In doing a little research on the first classes in the Deseret Morning News' ski school, held some 59 years ago, it amazed me to see what lengths people went to.
Even more amazing was some of the equipment they brought to class just for a chance to learn to ski.
My first skis were carved from hickory, had metal edges and one of the first safety bindings, which was nothing more than a round spool for a toe piece and a niche in the toe of the boot that fit on the spool. Loosen it to where the boot released, however, and the boot would fall out of the binding. Crank it down half a turn and nothing, not even a hit from a heavy hammer, separated the boot and binding.

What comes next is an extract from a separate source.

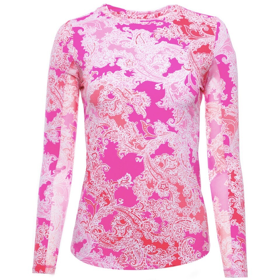 NWT - New With Tags Ladies Womens IBKUL formally ICIKULS UPF 50 PASCHA PINK CORAL Long Sleeve Crew Neck Golf Tennis Shirt Top - Sizes Small, Medium, Large, XL XXL

The boots were leather, they were hard to lace and the only thing separating your foot and the freezing cold was a sock and a thin piece of leather.
But at the time, they were state-of-the-art.
I remember the late Alf Engen, one of the founders of the ski school, telling me about young kids, no older than 5 or 6, showing up at the first class wearing their dad's galoshes for ski boots. A new pair of boots at the time cost $7. Skis were $15.
Even that, however, didn't always fit into the family budget, so they came with what was available or what they couldfind. To make the rubber boots fit, kids stuffed newspaper in the toes. And since the old bear-trap bindings wouldn't work, they strapped the rubber boots to the skis with leather straps.
It wasn't uncommon to see kids with skis three times taller than they were.
Imagine trying to ski on skis that long, rubber boots and on snow that can best be described as early crud.
Engen told me that about all the kids could do was go straight, and when they wanted to stop, fall. "But, they had a good time. And, they wanted to ski," he once told me.
I remember talking with Junior Bounous, director of skiing at Snowbird and an early pioneer in skiing, and asked about his early days.
He told me he grew up on a fruit farm in Provo. When he was 8, his father cut a barrel stave in half and strapped it to his feet so he could slide straight down the hills on the farm. When he was 11, his mother bought him a pair of extremely long skis and he slid faster and straighter.
"What turns I made were by accident. Simply to stop," he told me. Even his very first linked turns, made on a frosty hill on the farm in the spring, were accidents.
There's no question, today's skiers are spoiled me included.
With today's shaped skis, a skier needs only to sneeze and they turn. Boots are warm and comfortable and easy to slip into, and bindings actually release.
The best part is the ski runs are packed smooth, and not occasionally, but at the end of each day.
Compare this to skiing on 7-foot skis with no metal edges, bindings that never release, ill-fitting ski boots and ski runs chopped up and filled with moguls, and you have to wonder just how skiing ever got to where it is now.